- **What you are asked to do**
Leave out the pictures and repeat exactly the lines from the one containing "重点来了,这次新开的建面约3" through the end of the records.

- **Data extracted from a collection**
Segment Open

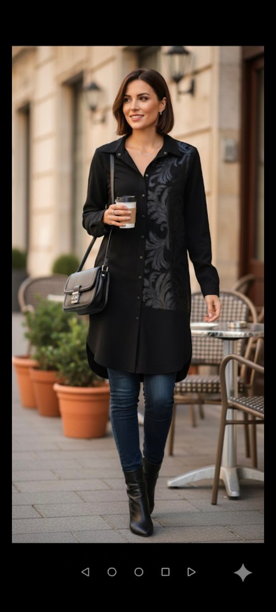 Siyah kot kumaştan, uzun kollu, düğmeli ve baskılı desenli bol kesim tunik. Notlu yaka detayıyla günlük sokak stiline uygun.
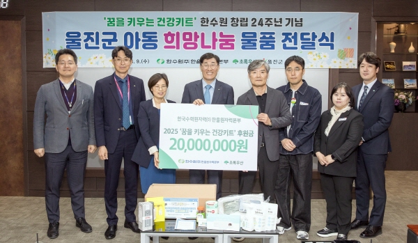(경북=NSP통신) 조인호 기자 = 한국수력원자력 한울원자력본부(본부장 이세용)는 지난 9일 창립 24주년을 기념해 기획한 ‘꿈을 키우는 건강키트’를 울진군 아동 98명에게 전달했다.
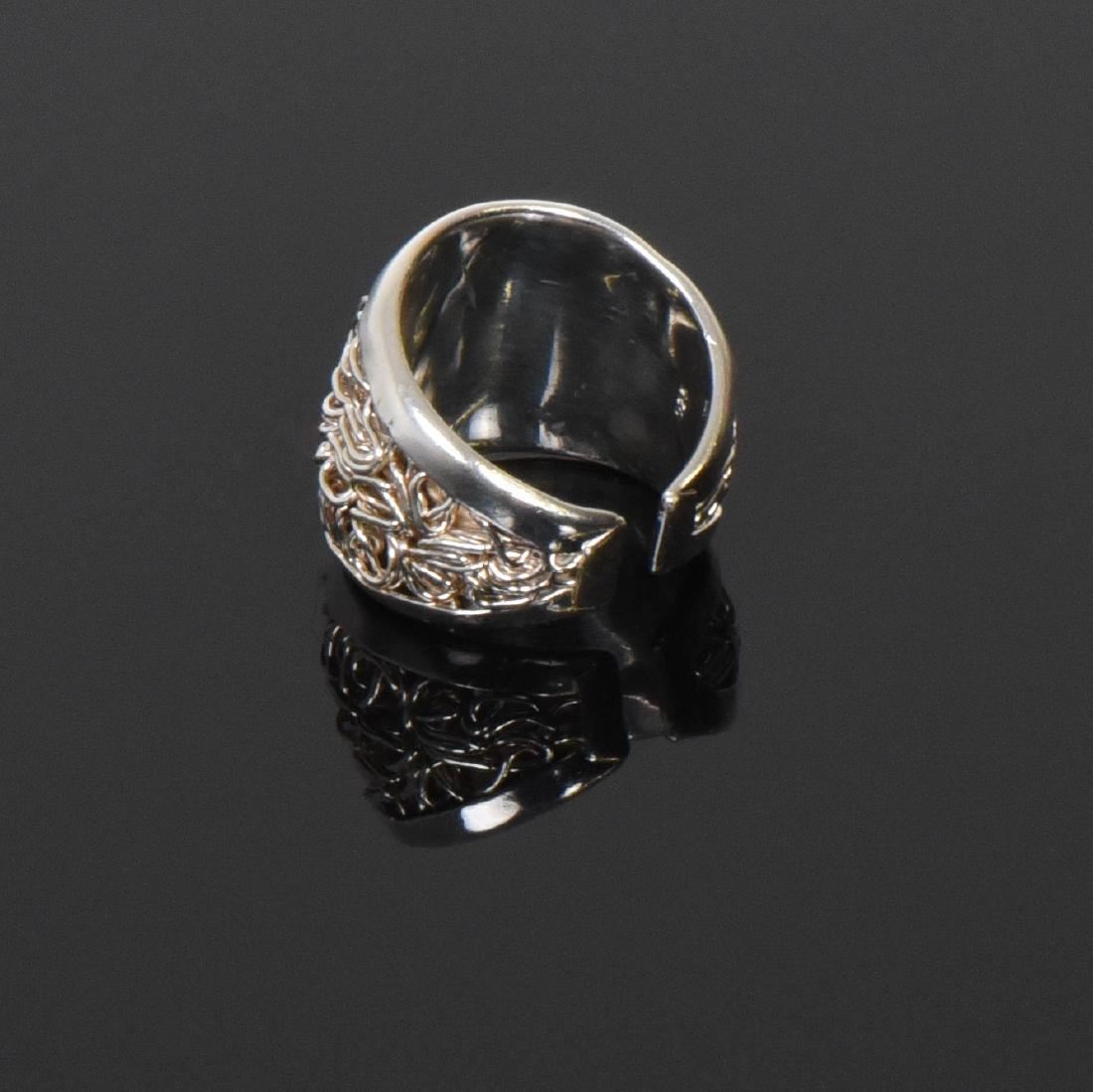 Vintage Designer Sterling Silver Swirled Wire Ring. Ring Size: 10 Silver Tested. Estimated more than 50 yrs old. 925 Sterling Silver consisting of 92.5% silver and 7.5% copper. Tested Positive using Nitric Acid Chemical Scratch Test, Cloth Rub Test, Smell Test, and Magnet Test. Markings of 925 or Sterling stamp. The reason silver needs to be combined with other metals is that it is very difficult to make great designs with just pure silver, which is very soft and malleable. A bit of hardness has to be introduced by adding other metals such as copper. That is why jewelers are capable of making the most intricate an complex designs with 925 Sterling Silver. Silver is one of the most valuable elements next to gold. Mexico is the leading producer of sliver, followed by the United States, Canada, Australia, Spain, Peru, and Russia. Many countries do not require their precious metal items to be stamped and therefore we test to ensure we accurately represent the product. Size: See Ruler Photo. (Photos Represent The Condition Of The Lot.)
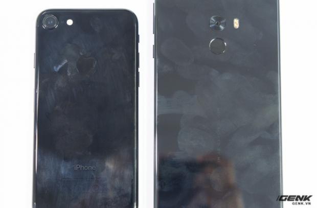 Bẩn là một chuyện, nhưng người dùng iPhone 7 Jet Black sẽ còn phải lo về vấn đề xước. Trong khi đó, vỏ gốm của Mi Mix với độ cứng 8 Mohs chắc chắn sẽ đem lại khả năng chống xước tốt hơn, dù là không tuyệt đối.
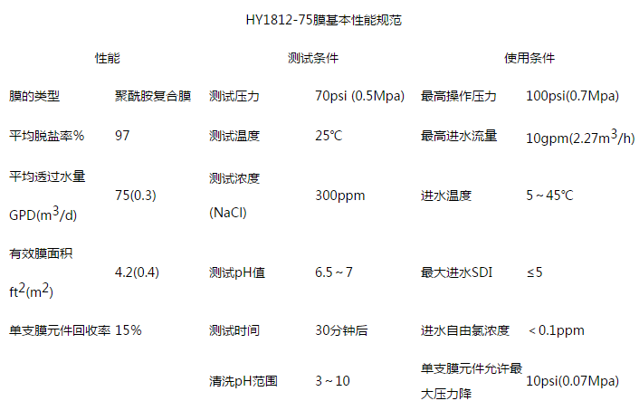 HY1812-75家用膜是海德能公司研制开发的用于自来水(或达到生活饮用水水质标准的原水)脱盐的超低压芳香族聚酰胺复合膜元件。其脱盐率可达97%。从而出水水质高,经济实用性强。
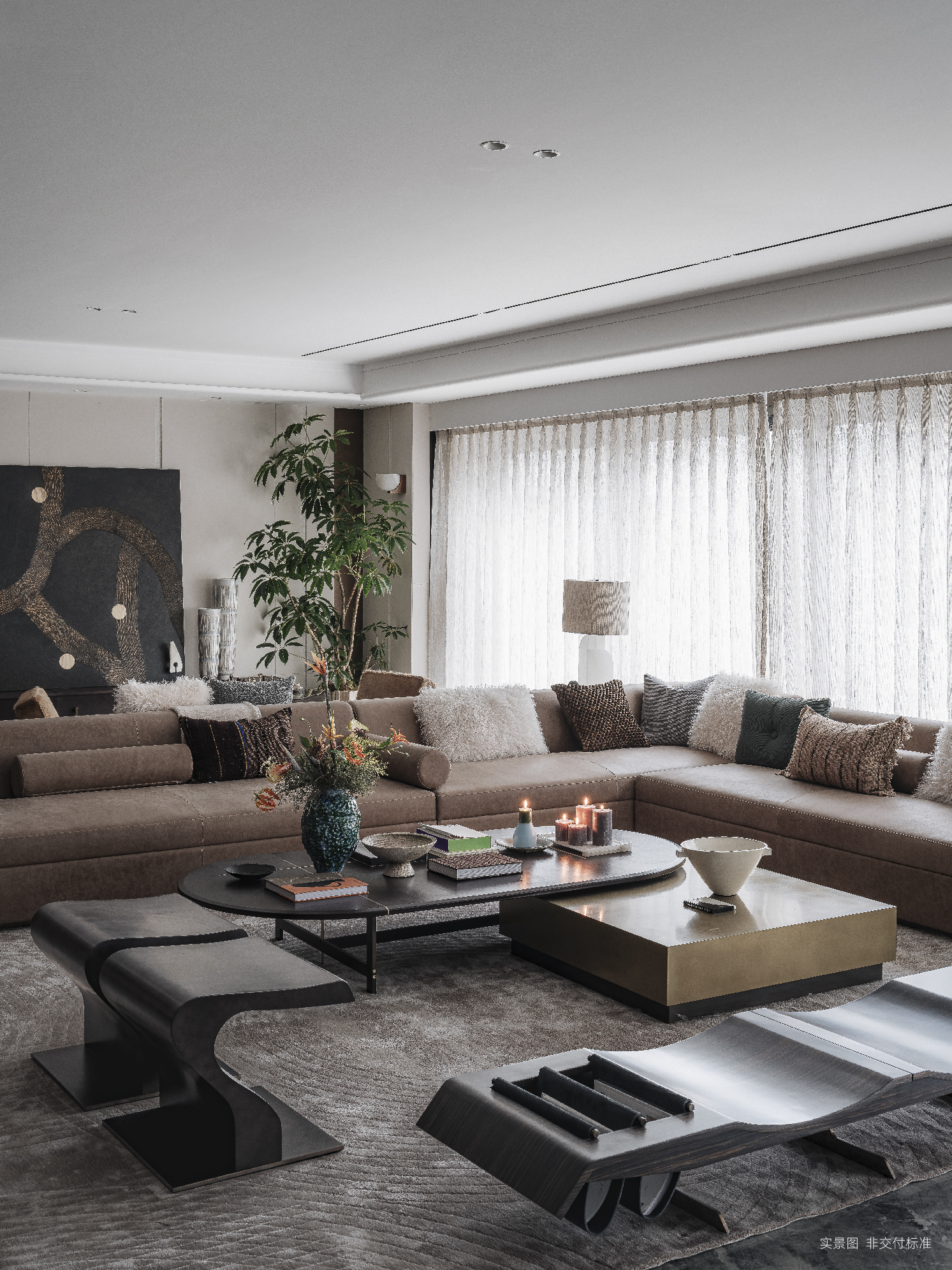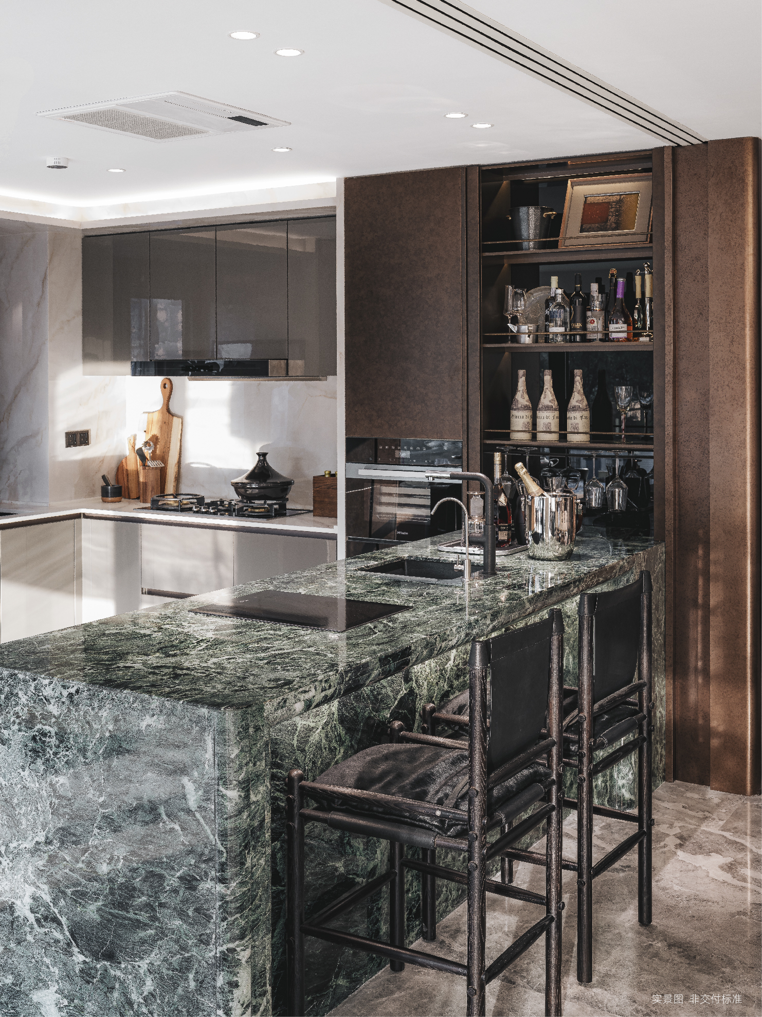 重点来了,这次新开的建面约315㎡样板间由LSD大师设计团队,在装修方面可谓诚意满满,从地面到墙面到壁龛都是石材,提升居住整体的格调,配置了十件套厨房家电,甚至酒柜!;南向3个卧室全套房,得房率80%+,更有270°弧形天际窗景,电动窗、独立式浴缸…..交付标准真的是诚意满满。
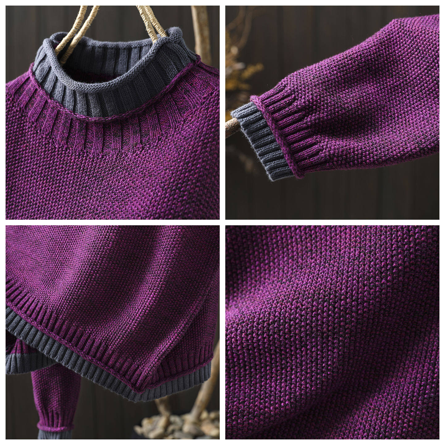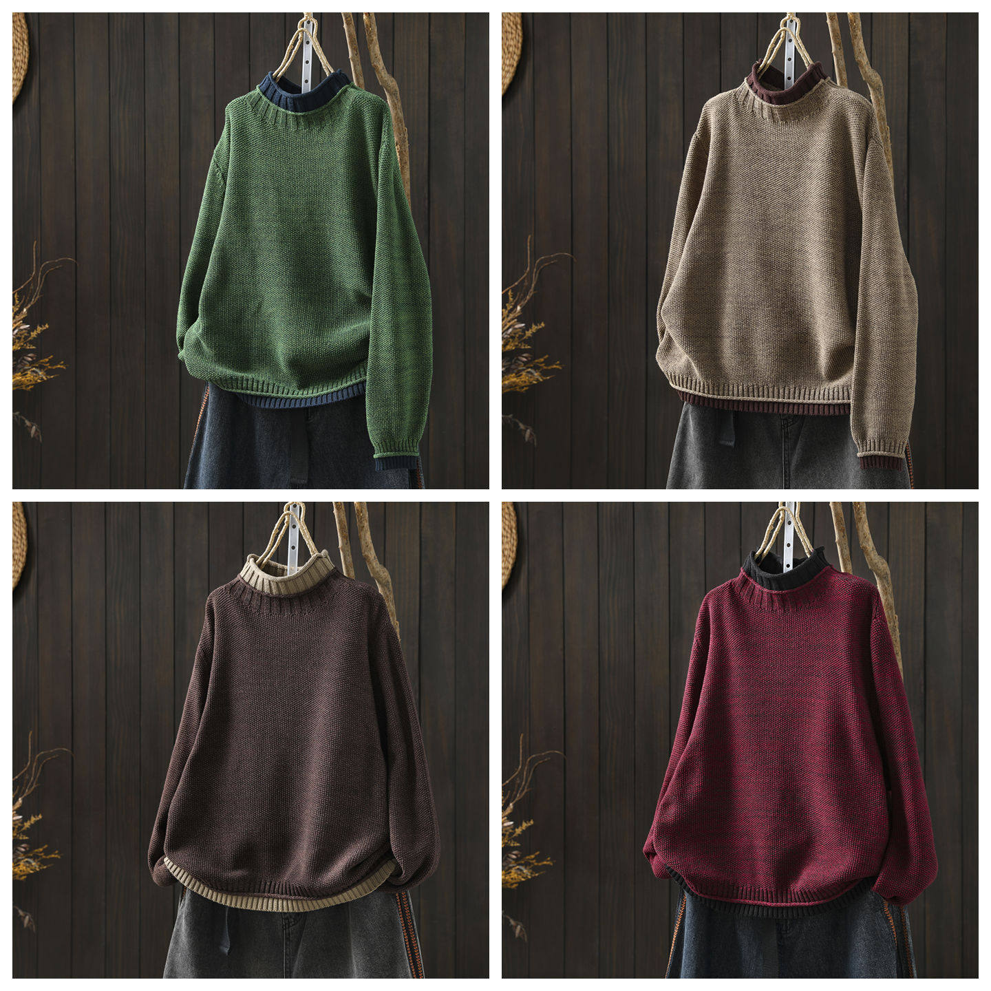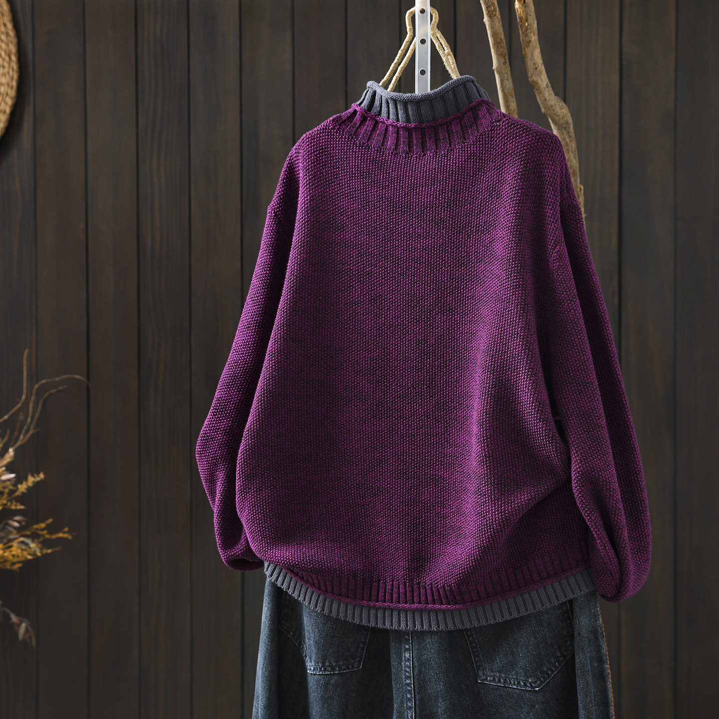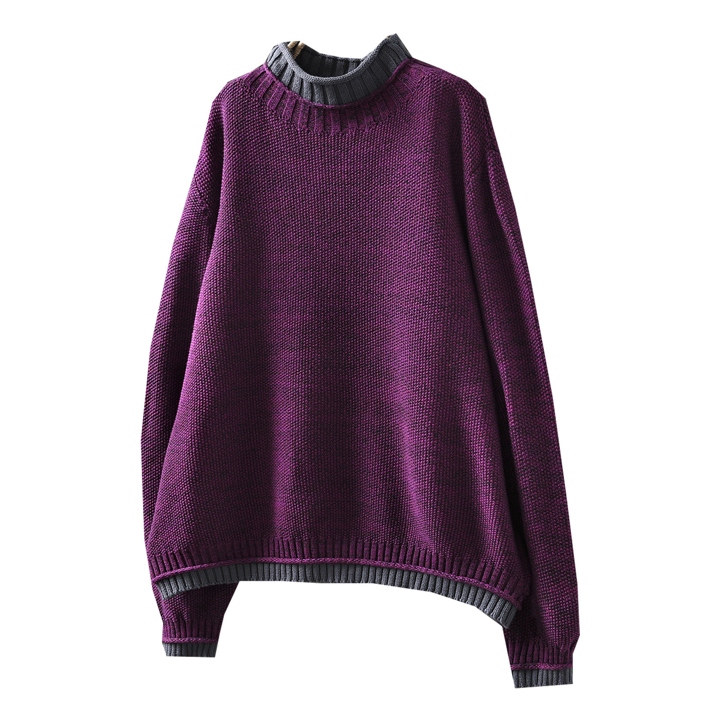毛衣女款2026新款冬季半高领撞色拼接感棉线针织宽松慵懒风毛线衣

Segment Closed

- **Result of the task**
 重点来了,这次新开的建面约315㎡样板间由LSD大师设计团队,在装修方面可谓诚意满满,从地面到墙面到壁龛都是石材,提升居住整体的格调,配置了十件套厨房家电,甚至酒柜!;南向3个卧室全套房,得房率80%+,更有270°弧形天际窗景,电动窗、独立式浴缸…..交付标准真的是诚意满满。
毛衣女款2026新款冬季半高领撞色拼接感棉线针织宽松慵懒风毛线衣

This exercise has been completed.